My husband and I have had some problems, but my husband never communicated to me that he was feeling badly about the relationship or unhappy in general with me. He didn't suggest marriage counseling, or warn me that he was feeling distant or sad or hopeless.

He started an EA with a girl who lives out of state at the beginning of June. She is someone he dated briefly before I met him. He was smitten with her then, and she didn't seem to reciprocate. So maybe he's carried a little flame for her always.

There is a lot of clear projection going on - after more than five years of no contact, she only wrote to him (via facebook) a brief two or three line message about where she was living and what her job was. In response to that he instantly wrote her the saddest, most despairing opinions of our marriage, and ended the letter with a mention that she was "beautiful" and he attached a love song he had written about her and recorded after the last time he had seen her, years ago.

So there was no build up, and while I know a healthy woman would flee from those red flags about him, she reacted with flattery and support.

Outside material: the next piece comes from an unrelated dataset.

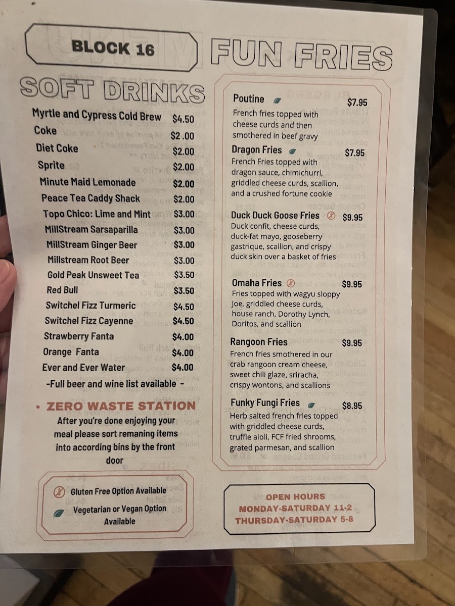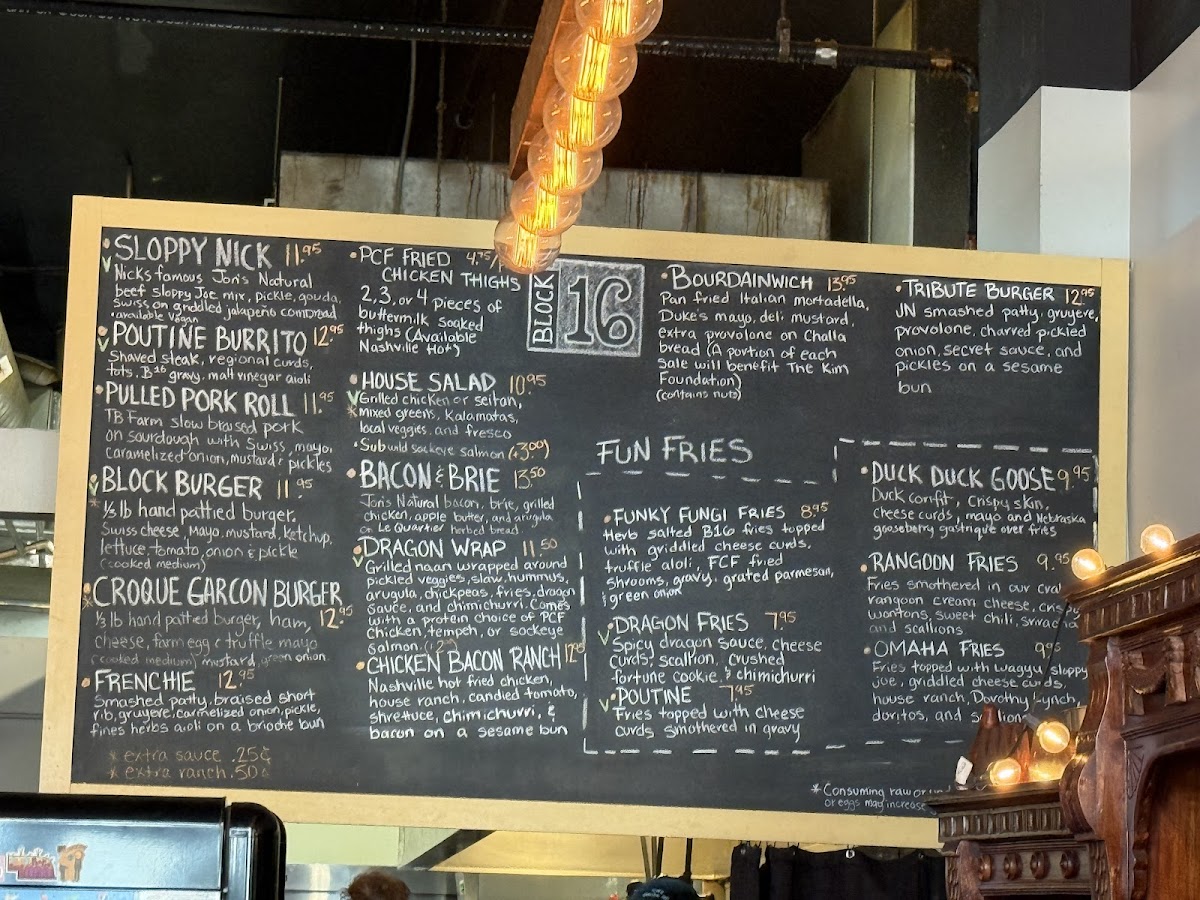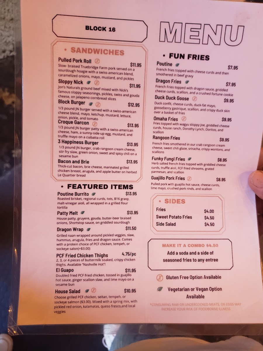 Block 16 offers a menu that blends classic American comfort food with thoughtful, modern twists, perfect for casual meals any time of day. Whether you're grabbing a quick takeout sandwich or settling in for a relaxed meal, the menu is thoughtfully crafted to complement its laid-back, neighborhood vibe.

Soon she was telling him that she was still attracted to him.


All the while he was more irritable with me, we fought more frequently and I remember thinking to myself that he was starting fights over the smallest thing. If he sensed I was annoyed for any reason during those weeks, he would confront me in a sort of hostile way. For example, one day we were all trying to get out the door, I had mentioned we should leave as soon as possible, and when I was ready to get out the door he picked up his guitar and started playing. I sighed "Are we going or not?" and he put down the guitar and coldly said "Why is that you feel the need to talk to me like that?"

That was the line that started several fights in the span of one week. Once he didn't like the tone I used when I said the word "yes" , so "Why is it that you think it's okay to talk to me that way?"

It was a terrible week of fighting; I kept telling him I wished he could understand that if I feel annoyed for a split second in time it doesn't have to be a big deal, and he was more irritated and defiant and closed to listening than ever before. During the last of the fights for that week is when he shut down and had his "first doubt" about our relationship.

He never recovered from that doubt. He wanted space, space, and more space. I finally took our son to visit family out of state. I was gone for a week and it only took that long for him to go from confused with doubts and NOT wanting a divorce, to feeling he had no motivation left in his heart to work on the relationship, to telling me he was no longer in love with me, to actually signing a lease for an apartment without even talking to me about it. We are a one-income lower middle class family and just bought a house, so we have less than 200 dollars left at the end of every month to put into savings. So obviously no way to afford a 700 dollar/mo apartment.

Now I know that the other woman told him "I've realized I am still attracted to you, so I need to stop talking to you for it's the right thing to do".
He then stopped messaging her for that week that he steadily abandoned the relationship more and more and he messaged her again the night before he signed the lease, while I was still out of town and devastated.

He said "I am signing a lease tomorrow and so I want to continue talking to you because it's the right thing to do".

How cute.

Since then they've been inseparable online, talking ten messages a day.

Even after I found out, he just transparently lied (twice) saying he wouldn't talk to her while he still lived here out of respect but never stopped.

They recently started talking on the phone and connecting further while he is at work.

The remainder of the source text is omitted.